YOUR GOAL:
Your output should be the lines below from the one with "Im Rahmen dieses" through the one with "산동만두 메뉴판을 보아하니, 메뉴가 매우 다양하고 가격이 합리적네요.", copied exactly, pictures excluded.

AVAILABLE DATA:
__________________________________________________

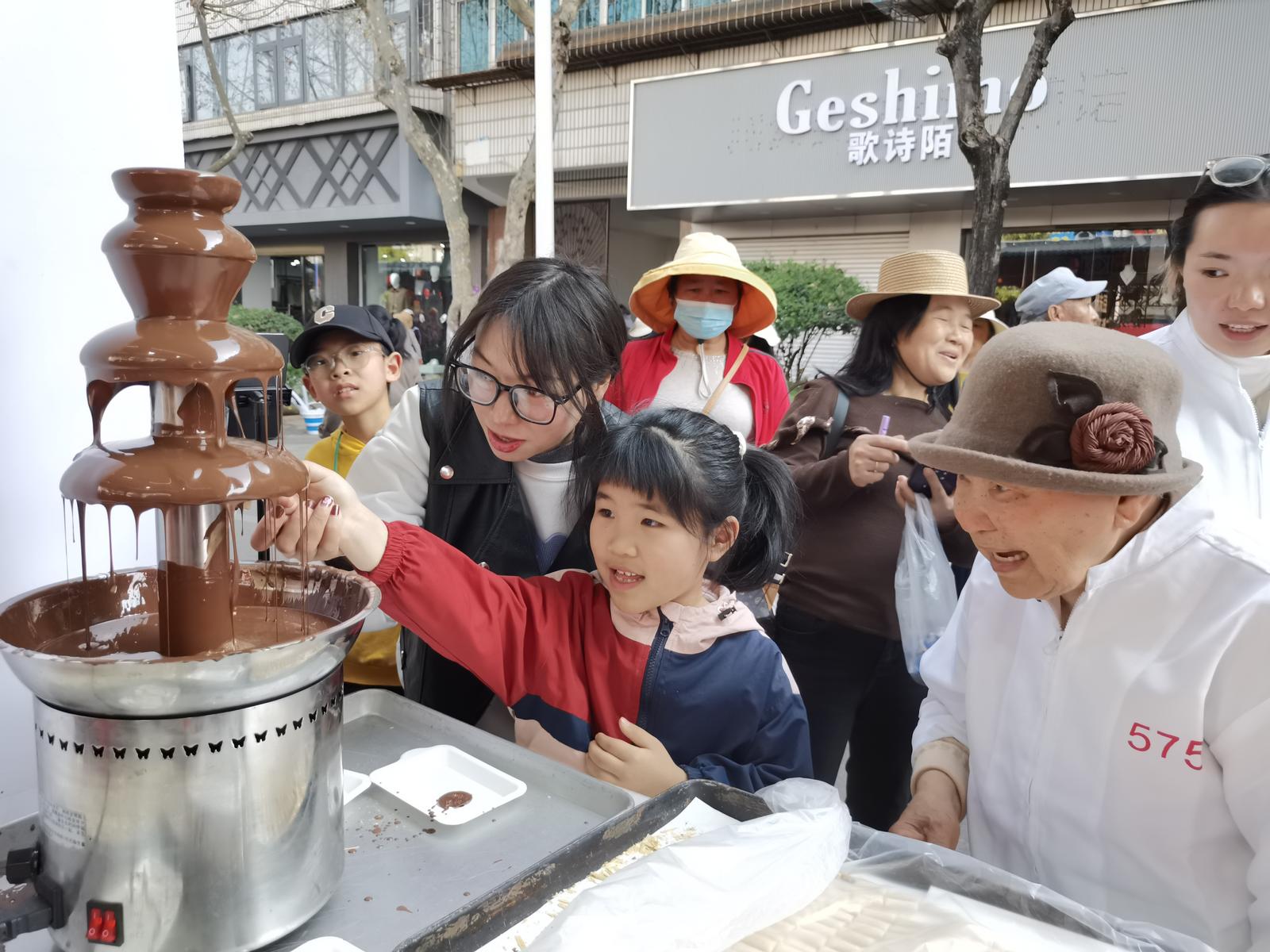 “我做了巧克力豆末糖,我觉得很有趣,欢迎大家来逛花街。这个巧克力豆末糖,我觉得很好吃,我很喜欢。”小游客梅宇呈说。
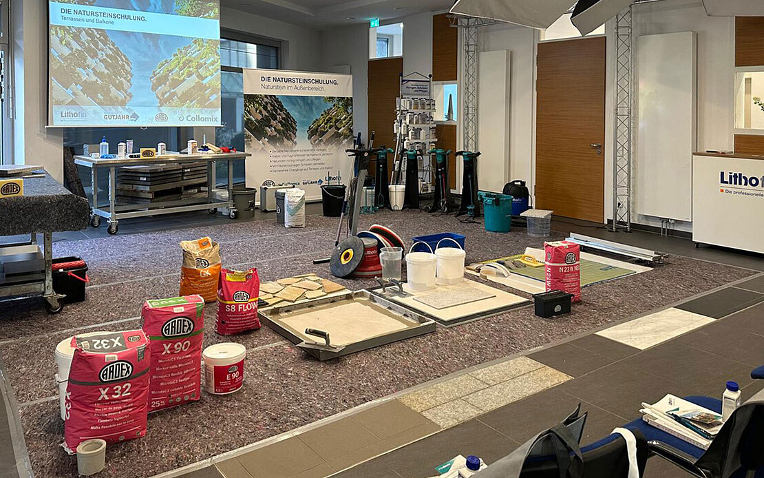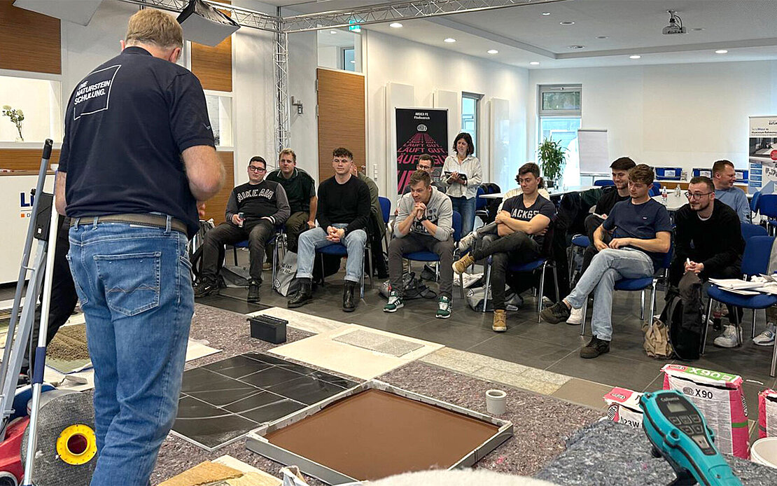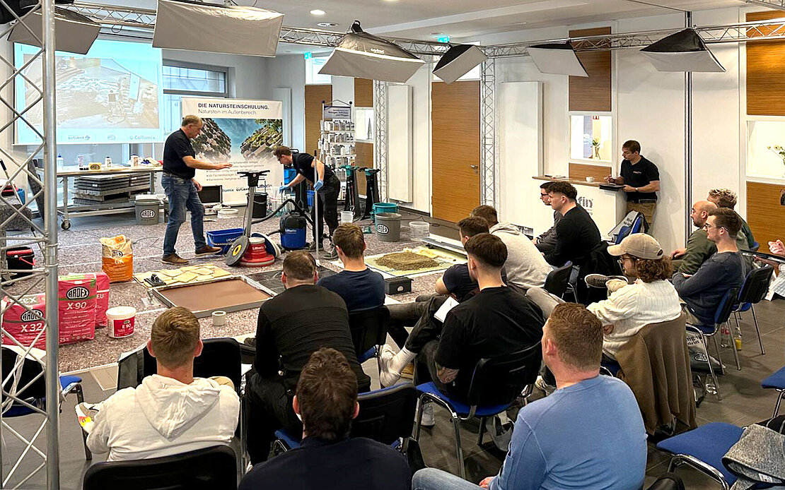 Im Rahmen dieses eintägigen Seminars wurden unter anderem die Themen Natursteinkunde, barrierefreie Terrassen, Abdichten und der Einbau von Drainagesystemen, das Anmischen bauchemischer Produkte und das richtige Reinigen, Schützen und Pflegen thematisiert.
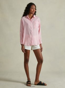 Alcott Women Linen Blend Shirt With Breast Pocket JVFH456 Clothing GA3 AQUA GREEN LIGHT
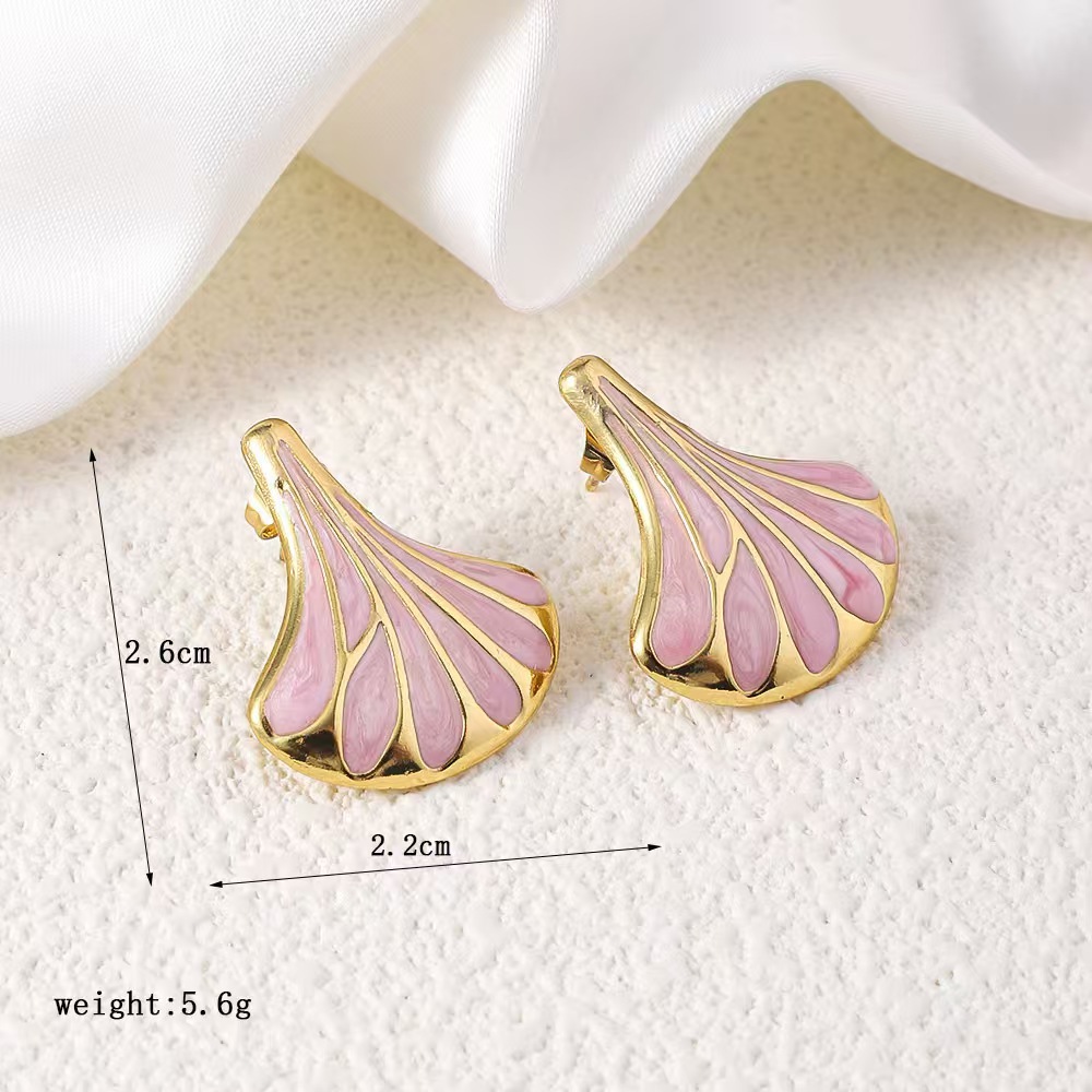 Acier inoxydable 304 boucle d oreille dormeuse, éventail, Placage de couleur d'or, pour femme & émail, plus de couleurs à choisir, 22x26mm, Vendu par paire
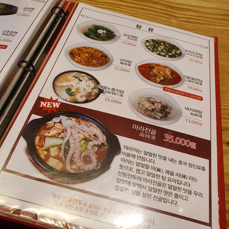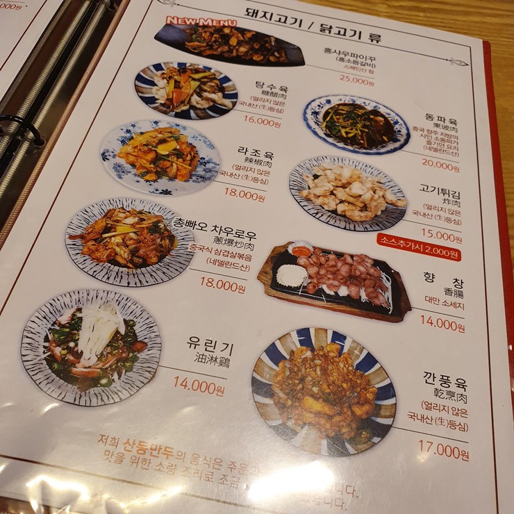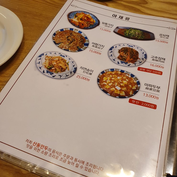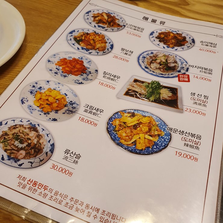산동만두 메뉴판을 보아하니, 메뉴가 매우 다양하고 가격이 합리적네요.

__________________________________________________

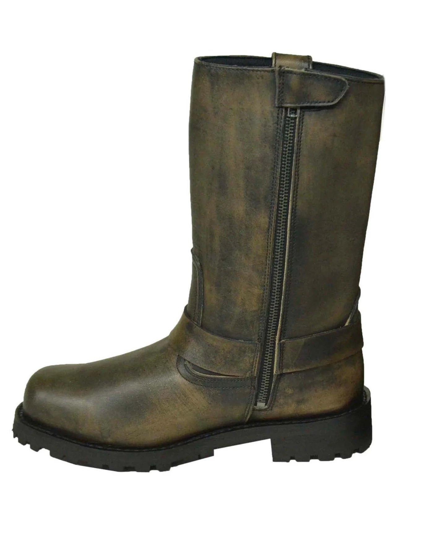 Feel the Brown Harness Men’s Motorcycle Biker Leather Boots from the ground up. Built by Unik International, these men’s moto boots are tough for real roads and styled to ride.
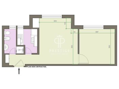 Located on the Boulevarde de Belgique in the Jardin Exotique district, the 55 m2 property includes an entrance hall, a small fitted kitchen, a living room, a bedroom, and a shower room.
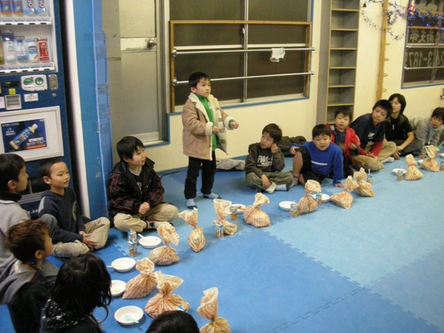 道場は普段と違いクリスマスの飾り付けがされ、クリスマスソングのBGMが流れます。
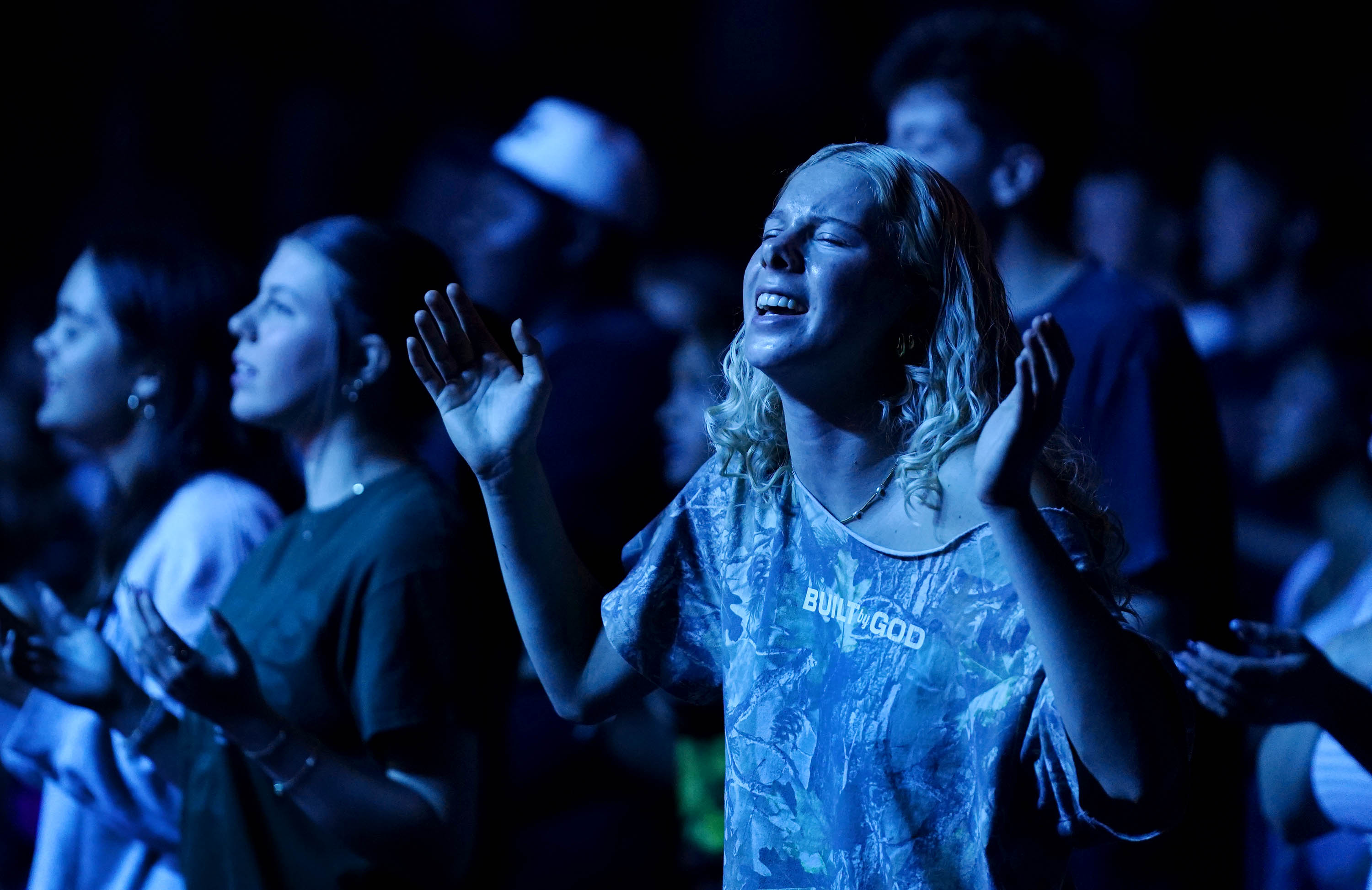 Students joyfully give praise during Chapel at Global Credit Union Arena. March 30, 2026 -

__________________________________________________

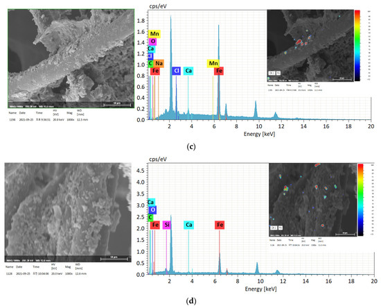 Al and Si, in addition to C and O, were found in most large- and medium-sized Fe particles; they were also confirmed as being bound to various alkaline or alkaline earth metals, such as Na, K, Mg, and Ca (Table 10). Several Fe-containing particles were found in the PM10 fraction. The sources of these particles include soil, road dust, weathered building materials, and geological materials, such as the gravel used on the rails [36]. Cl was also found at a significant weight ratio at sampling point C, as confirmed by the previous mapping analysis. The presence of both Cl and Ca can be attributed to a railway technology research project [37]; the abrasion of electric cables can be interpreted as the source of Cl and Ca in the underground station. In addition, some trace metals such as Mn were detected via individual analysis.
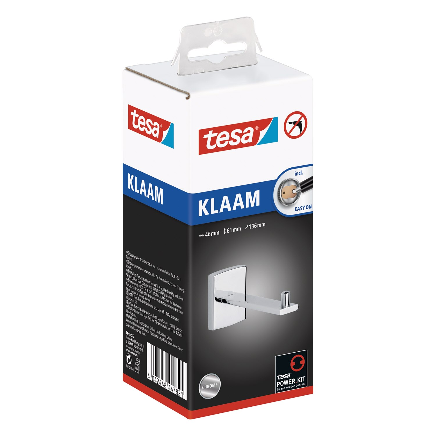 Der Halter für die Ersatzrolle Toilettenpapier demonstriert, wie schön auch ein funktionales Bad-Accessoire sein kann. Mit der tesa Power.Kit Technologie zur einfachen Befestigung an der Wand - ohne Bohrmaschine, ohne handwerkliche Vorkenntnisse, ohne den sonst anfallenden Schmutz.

__________________________________________________

SOLUTION TO THIS EXERCISE:
 Im Rahmen dieses eintägigen Seminars wurden unter anderem die Themen Natursteinkunde, barrierefreie Terrassen, Abdichten und der Einbau von Drainagesystemen, das Anmischen bauchemischer Produkte und das richtige Reinigen, Schützen und Pflegen thematisiert.
 Alcott Women Linen Blend Shirt With Breast Pocket JVFH456 Clothing GA3 AQUA GREEN LIGHT
 Acier inoxydable 304 boucle d oreille dormeuse, éventail, Placage de couleur d'or, pour femme & émail, plus de couleurs à choisir, 22x26mm, Vendu par paire
산동만두 메뉴판을 보아하니, 메뉴가 매우 다양하고 가격이 합리적네요.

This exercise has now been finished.